=== Brief ===
Of the lines in the material below, print only those from the one containing "荔枝角青沙公路泥頭車撼法拉利後撞壆,司機頭傷被困 。(鍾式明 攝)" to the one containing "Comprehensive and well", ends included, exactly as written and without pictures.

=== Supplied entries ===
=== Begin Enclosure ===
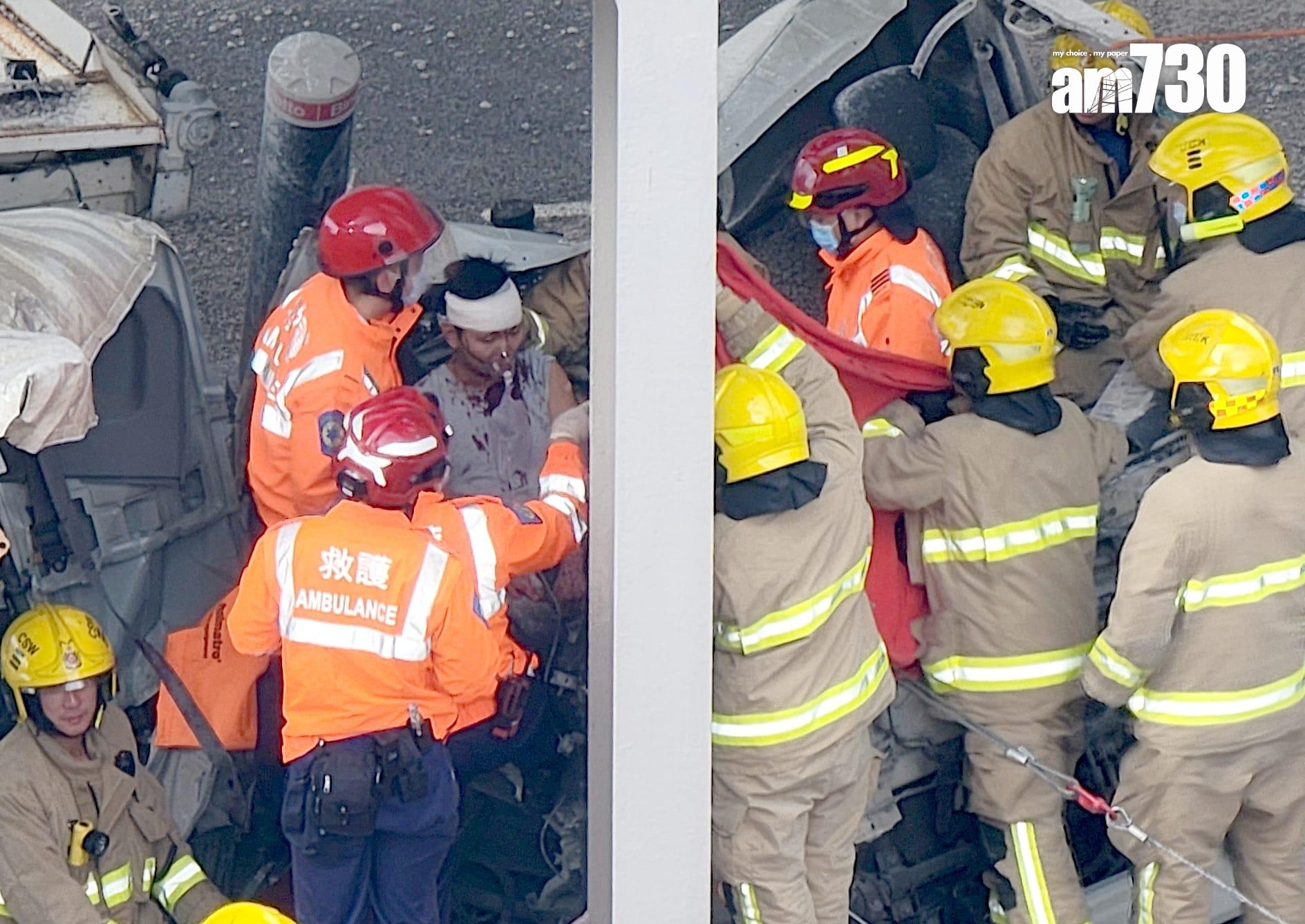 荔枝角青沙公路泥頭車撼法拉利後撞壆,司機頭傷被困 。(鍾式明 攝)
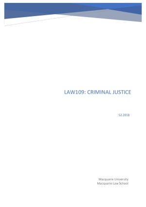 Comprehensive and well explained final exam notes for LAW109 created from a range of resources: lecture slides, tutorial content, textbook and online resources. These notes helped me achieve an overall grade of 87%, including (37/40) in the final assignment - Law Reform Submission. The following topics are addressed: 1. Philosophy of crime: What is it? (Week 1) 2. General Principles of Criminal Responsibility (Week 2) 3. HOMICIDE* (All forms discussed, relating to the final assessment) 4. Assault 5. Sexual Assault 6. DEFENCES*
=== End Enclosure ===
=== Begin Enclosure ===
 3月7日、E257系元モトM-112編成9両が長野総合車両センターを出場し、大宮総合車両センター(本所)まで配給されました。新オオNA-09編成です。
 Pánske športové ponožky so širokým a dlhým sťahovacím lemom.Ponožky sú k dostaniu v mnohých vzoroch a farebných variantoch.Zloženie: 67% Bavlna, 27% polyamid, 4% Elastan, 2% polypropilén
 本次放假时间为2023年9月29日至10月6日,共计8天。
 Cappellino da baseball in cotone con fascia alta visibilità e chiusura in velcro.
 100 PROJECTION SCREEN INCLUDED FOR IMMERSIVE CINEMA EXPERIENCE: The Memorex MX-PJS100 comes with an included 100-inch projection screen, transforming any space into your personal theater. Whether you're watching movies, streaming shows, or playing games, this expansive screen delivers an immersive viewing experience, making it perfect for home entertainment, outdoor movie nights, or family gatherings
=== End Enclosure ===
=== Begin Enclosure ===
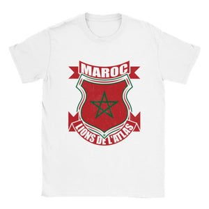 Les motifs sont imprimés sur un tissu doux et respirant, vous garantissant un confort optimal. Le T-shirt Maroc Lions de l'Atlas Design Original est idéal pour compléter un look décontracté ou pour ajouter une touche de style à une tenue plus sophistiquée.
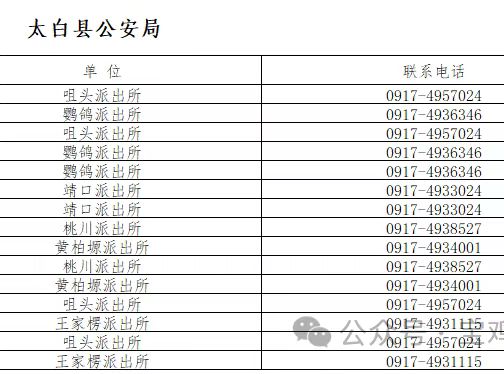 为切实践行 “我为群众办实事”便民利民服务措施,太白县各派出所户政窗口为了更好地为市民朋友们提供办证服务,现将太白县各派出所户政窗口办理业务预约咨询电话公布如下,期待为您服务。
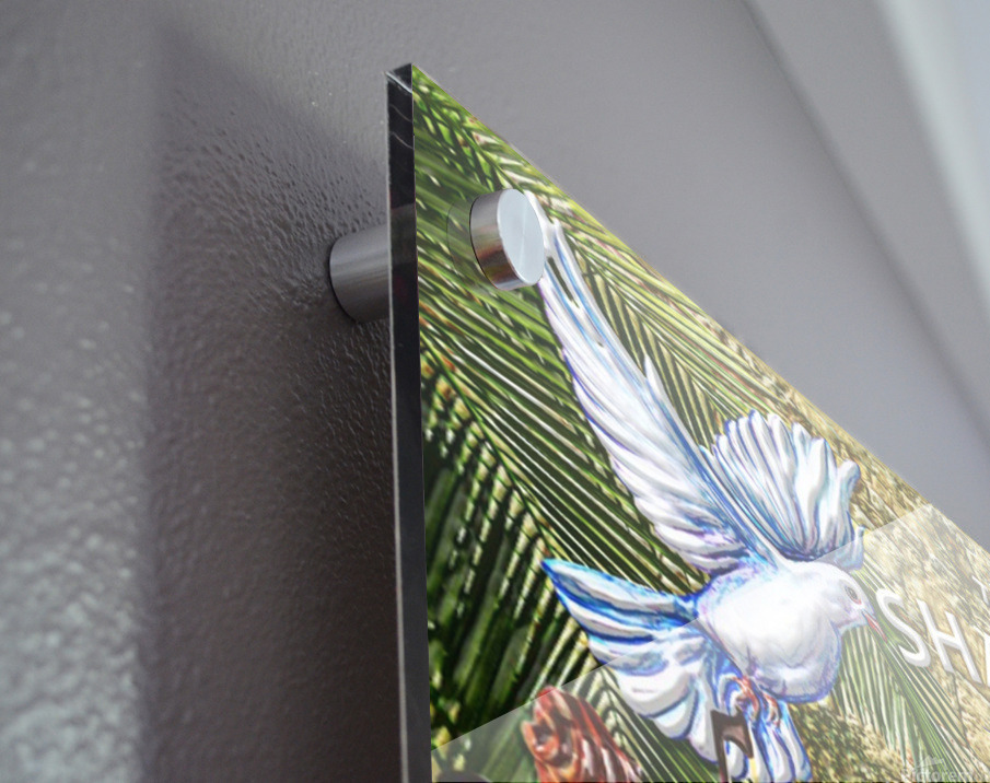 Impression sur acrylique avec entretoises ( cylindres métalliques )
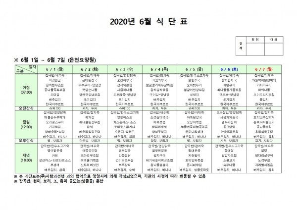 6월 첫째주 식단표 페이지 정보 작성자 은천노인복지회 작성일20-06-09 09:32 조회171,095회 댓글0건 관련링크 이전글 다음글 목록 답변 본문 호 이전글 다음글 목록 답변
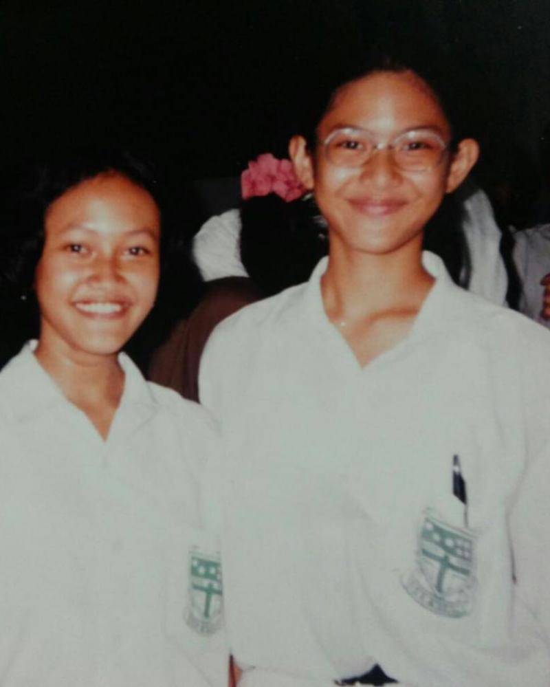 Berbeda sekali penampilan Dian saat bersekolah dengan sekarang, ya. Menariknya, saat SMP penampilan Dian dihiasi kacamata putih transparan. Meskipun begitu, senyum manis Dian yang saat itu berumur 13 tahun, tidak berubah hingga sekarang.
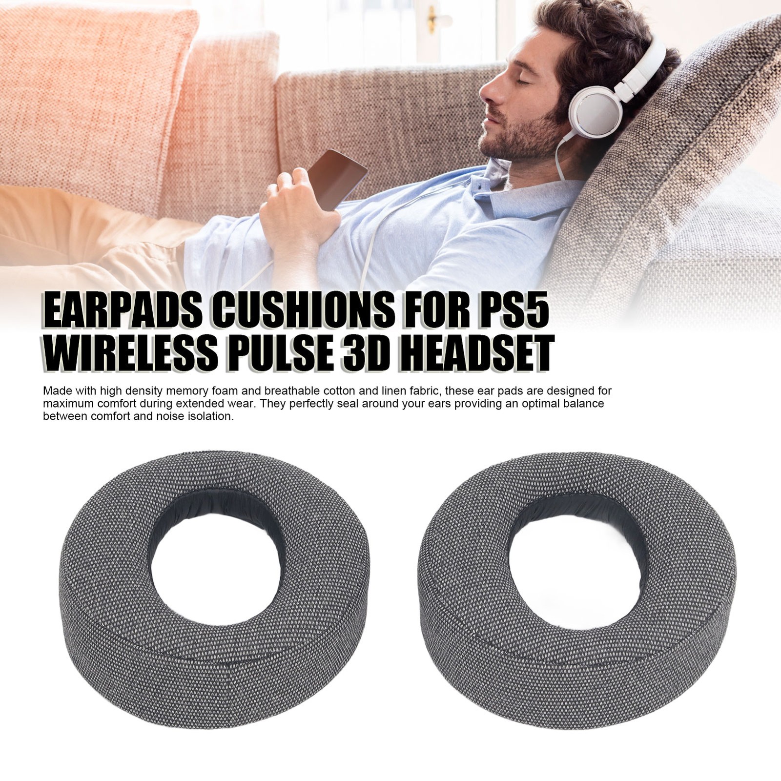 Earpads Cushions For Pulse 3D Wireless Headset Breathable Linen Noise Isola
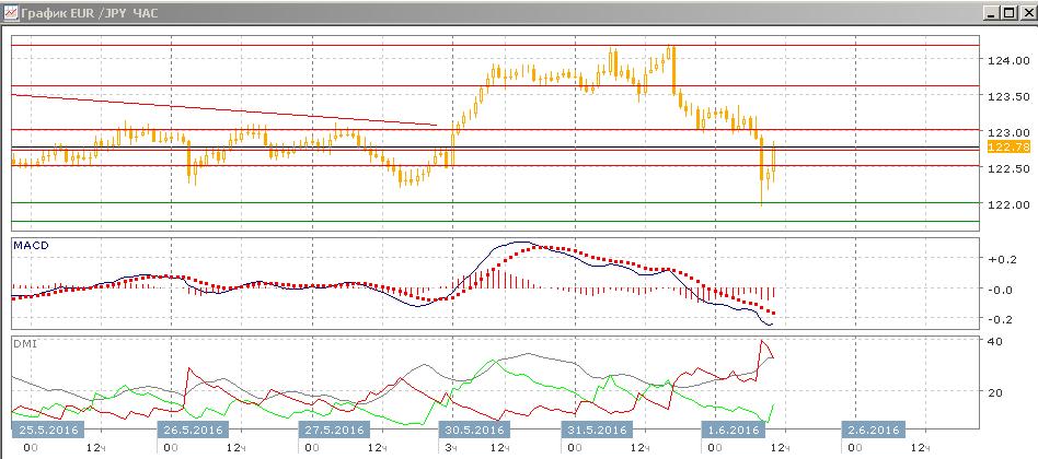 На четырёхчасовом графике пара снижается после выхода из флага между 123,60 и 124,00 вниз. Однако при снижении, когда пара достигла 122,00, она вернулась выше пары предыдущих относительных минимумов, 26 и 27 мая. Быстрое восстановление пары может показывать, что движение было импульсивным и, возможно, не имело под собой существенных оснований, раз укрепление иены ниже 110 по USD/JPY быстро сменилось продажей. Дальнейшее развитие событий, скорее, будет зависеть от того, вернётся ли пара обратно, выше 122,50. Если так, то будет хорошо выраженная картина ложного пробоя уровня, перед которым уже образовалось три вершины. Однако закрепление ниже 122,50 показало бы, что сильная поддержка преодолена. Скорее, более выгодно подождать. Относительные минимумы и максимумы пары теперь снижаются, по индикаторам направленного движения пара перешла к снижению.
=== End Enclosure ===
=== Output for this exercise ===
 荔枝角青沙公路泥頭車撼法拉利後撞壆,司機頭傷被困 。(鍾式明 攝)
 Comprehensive and well explained final exam notes for LAW109 created from a range of resources: lecture slides, tutorial content, textbook and online resources. These notes helped me achieve an overall grade of 87%, including (37/40) in the final assignment - Law Reform Submission. The following topics are addressed: 1. Philosophy of crime: What is it? (Week 1) 2. General Principles of Criminal Responsibility (Week 2) 3. HOMICIDE* (All forms discussed, relating to the final assessment) 4. Assault 5. Sexual Assault 6. DEFENCES*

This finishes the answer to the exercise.